Positive customer addition trends continue
Successful execution of retail channel expansion strategy
Provides fiscal 2019 Base EBITDA guidance
TORONTO, May 16, 2018 (GLOBE NEWSWIRE) — Just Energy Group, Inc. (TSX:JE) (NYSE:JE), a leading consumer company specializing in electricity and natural gas commodities, energy efficiency solutions, and renewable energy options, today announced results for its fourth quarter and full year of fiscal 2018.
- Exceeded the Company’s retail channel expansion goal of being present in 500 stores at fiscal year end by adding 195 new store launches across 18 different retail partners during the quarter.
- Fourth quarter Gross RCE additions of 312,000 improved 37% year-over-year. Net RCE additions of 49,000 during the quarter improved 74,000 from a negative 25,000 net RCE additions in the prior comparable period. Just Energy’s total RCE base is currently at 4.2 million.
- Fiscal 2018 Base EBITDA1 of $174.4 million, decreased 22% from $224.5 million in the prior year.

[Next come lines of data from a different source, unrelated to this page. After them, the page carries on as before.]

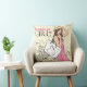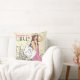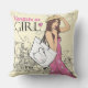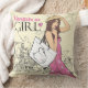 Stijlvolle decoratieve gooikussens met een mode meisje met een tas in schetsstijl op een achtergrond van de stad.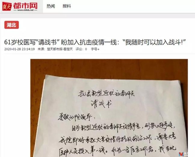 MVE网湖北讯 抗击疫情,武职人在行动!1月28日,楚天都市报报道了武汉职业技术学院退休职工卢丽亚写“请战书”盼加入抗击疫情一线的感人故事。微武君坚信,只要我们众志成城,携手行动,就一定能打赢这场疫情防控阻击战!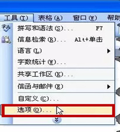 1、点击WORD左上角的“工具”按钮,在下拉菜单中点击“选项”;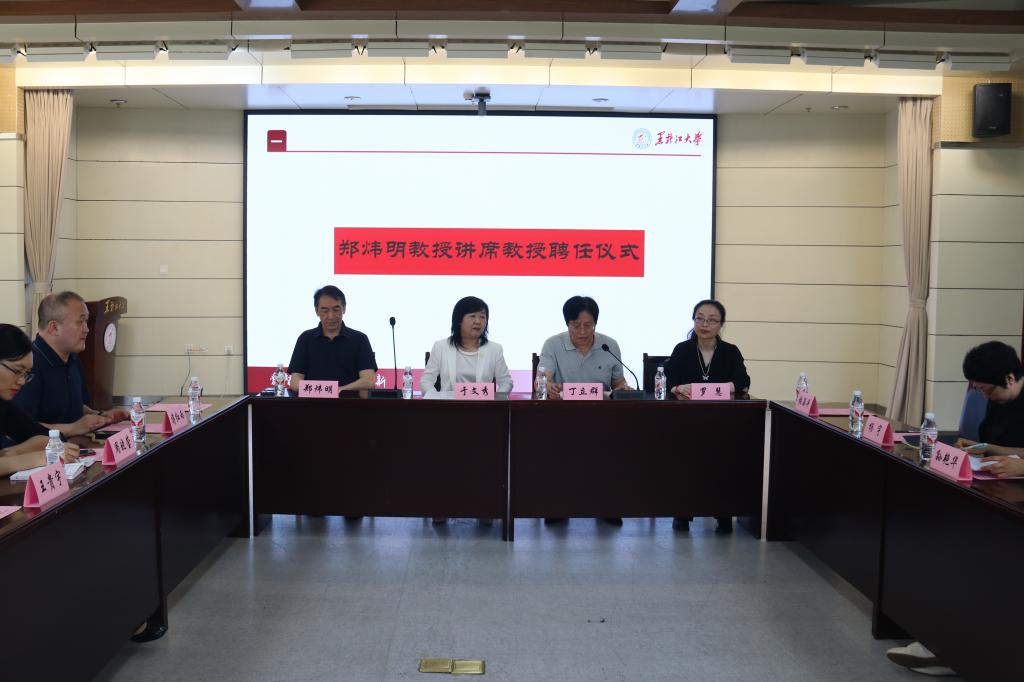 6月27日上午,我校在主楼A226会议室举行郑炜明教授讲席教授聘任仪式、罗慧专职研究员客座教授聘任仪式暨黑龙江大学国学发展研究基金捐赠仪式。副校长于文秀出席活动并致辞,人事处、校友服务中心、哲学学院、文学院、历史文化旅游学院、满学研究院、艺术学院的相关负责同志及师生参加活动,本次仪式由国学院院长丁立群教授主持。

Fourth quarter Base EBITDA of $68.9 million decreased $6.1 million or 8%. The decline in Base EBITDA was primarily due to strategic sales growth initiative investments, abnormal weather-driven supply cost increases and non-recurring severance costs, partially offset by investment gains relating to the Company’s equity investment in Ecobee Inc.
- Administrative expenses increased $26.3 million for the fiscal year due to costs associated with serving the 35% growth in the U.K. and executive change. Selling and marketing expenses were up 3% due to investments in sales growth initiatives, including channel expansion and diversification.
- Finance costs improved $22.1 million during the year primarily due to the redemption of the 6.0% convertible debentures and the senior unsecured notes.
- Combined attrition improved three percentage points to 12% for the trailing 12 months with improvements in both the Consumer and Commercial divisions. Total renewal rate declined by ten percentage points year-over-year, reflecting a very competitive market with competitors pricing aggressively while Just Energy remained focused on improving retained customers’ profitability rather than pursuing low margin growth.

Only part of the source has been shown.